* Task to complete *
Could the listing below be reproduced exactly, minus its pictures?

* Collected data *
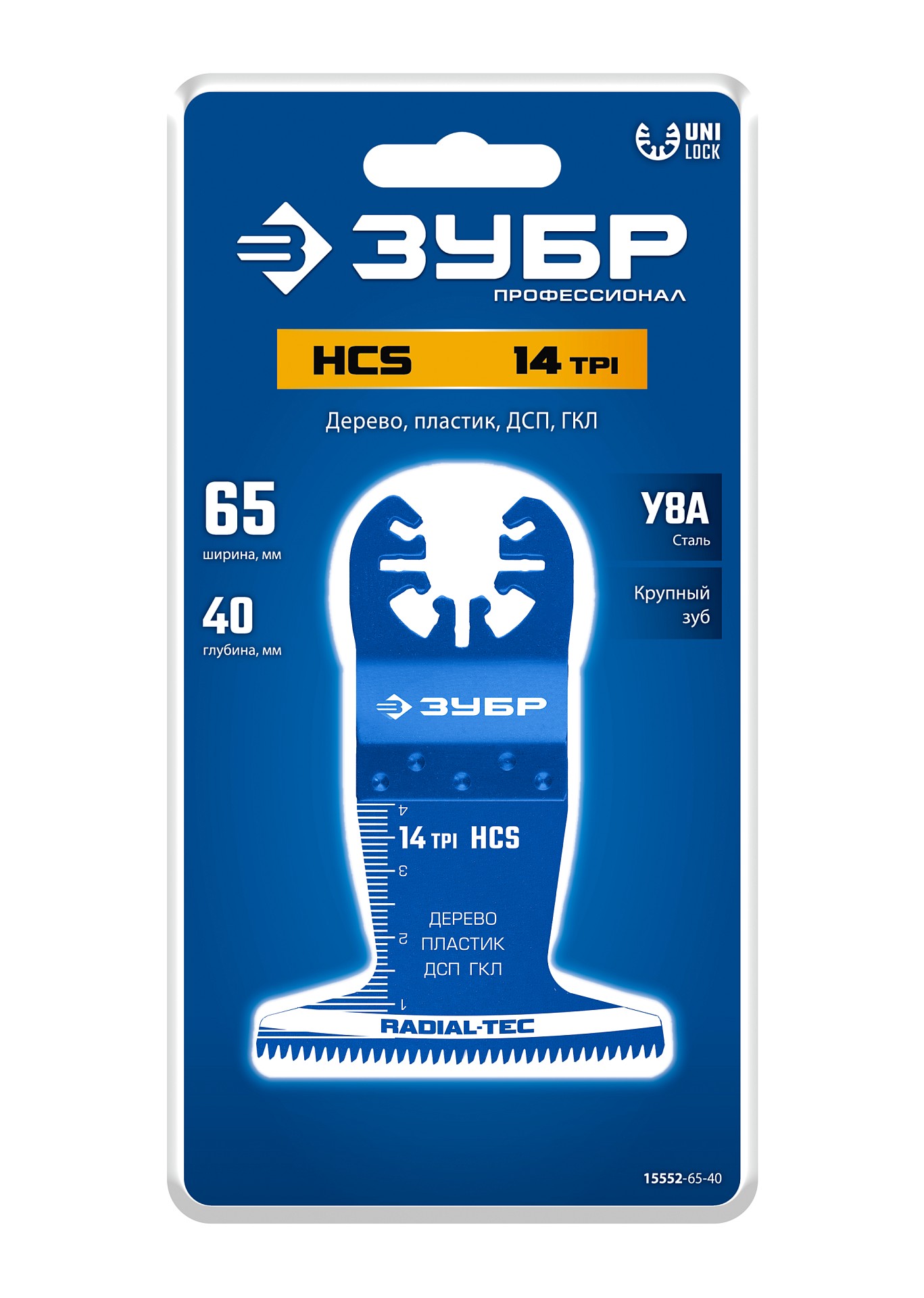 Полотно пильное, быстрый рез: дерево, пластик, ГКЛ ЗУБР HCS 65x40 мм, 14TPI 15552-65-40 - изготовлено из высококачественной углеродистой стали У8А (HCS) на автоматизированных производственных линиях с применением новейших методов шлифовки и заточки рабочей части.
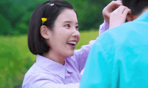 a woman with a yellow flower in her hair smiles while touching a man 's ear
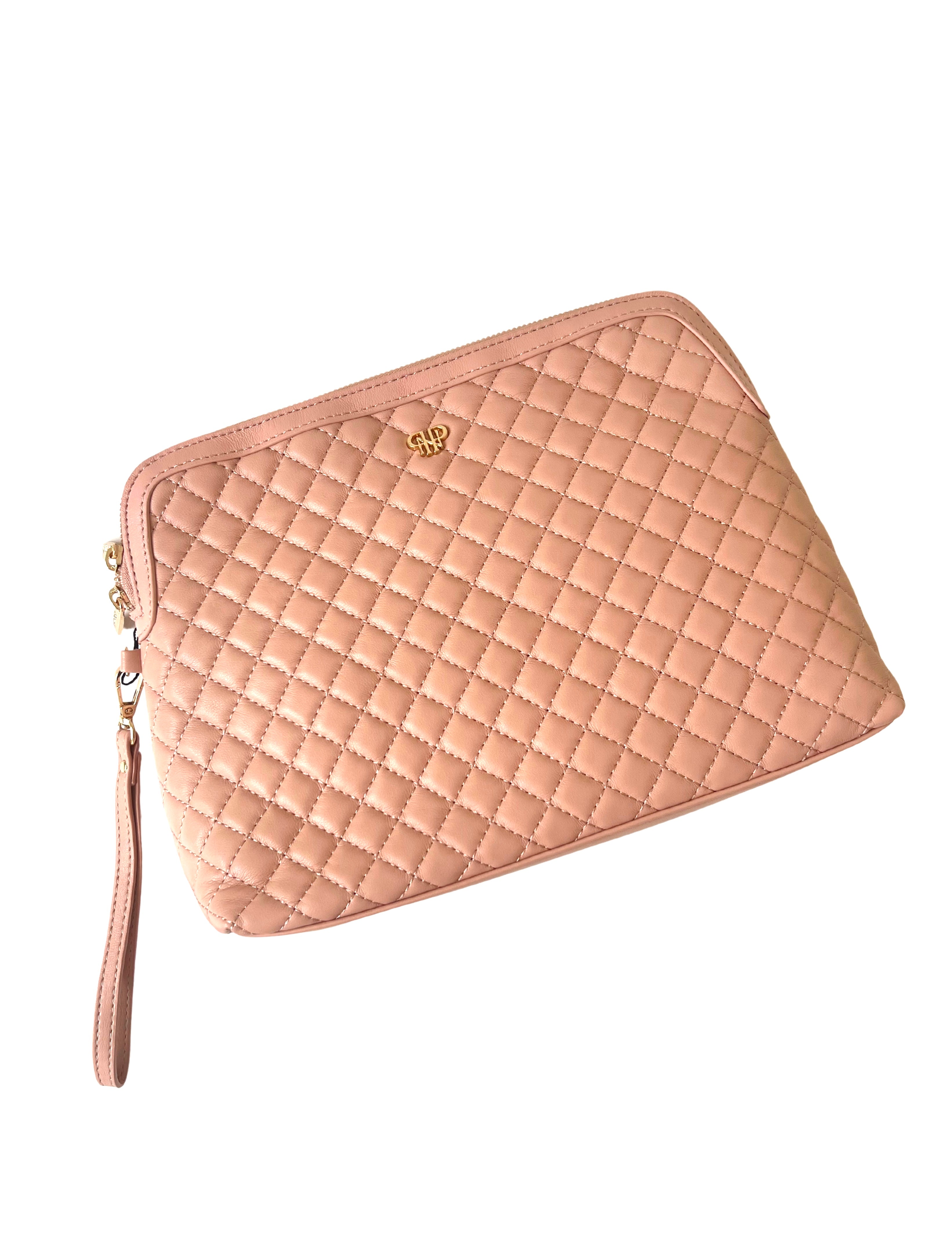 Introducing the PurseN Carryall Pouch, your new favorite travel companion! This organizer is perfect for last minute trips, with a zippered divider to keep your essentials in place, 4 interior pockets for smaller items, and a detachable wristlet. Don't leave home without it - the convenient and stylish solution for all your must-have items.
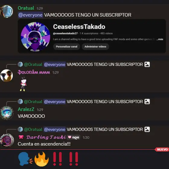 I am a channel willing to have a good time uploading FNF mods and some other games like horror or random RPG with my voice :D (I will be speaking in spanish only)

* Answer section *
 Полотно пильное, быстрый рез: дерево, пластик, ГКЛ ЗУБР HCS 65x40 мм, 14TPI 15552-65-40 - изготовлено из высококачественной углеродистой стали У8А (HCS) на автоматизированных производственных линиях с применением новейших методов шлифовки и заточки рабочей части.
 a woman with a yellow flower in her hair smiles while touching a man 's ear
 Introducing the PurseN Carryall Pouch, your new favorite travel companion! This organizer is perfect for last minute trips, with a zippered divider to keep your essentials in place, 4 interior pockets for smaller items, and a detachable wristlet. Don't leave home without it - the convenient and stylish solution for all your must-have items.
 I am a channel willing to have a good time uploading FNF mods and some other games like horror or random RPG with my voice :D (I will be speaking in spanish only)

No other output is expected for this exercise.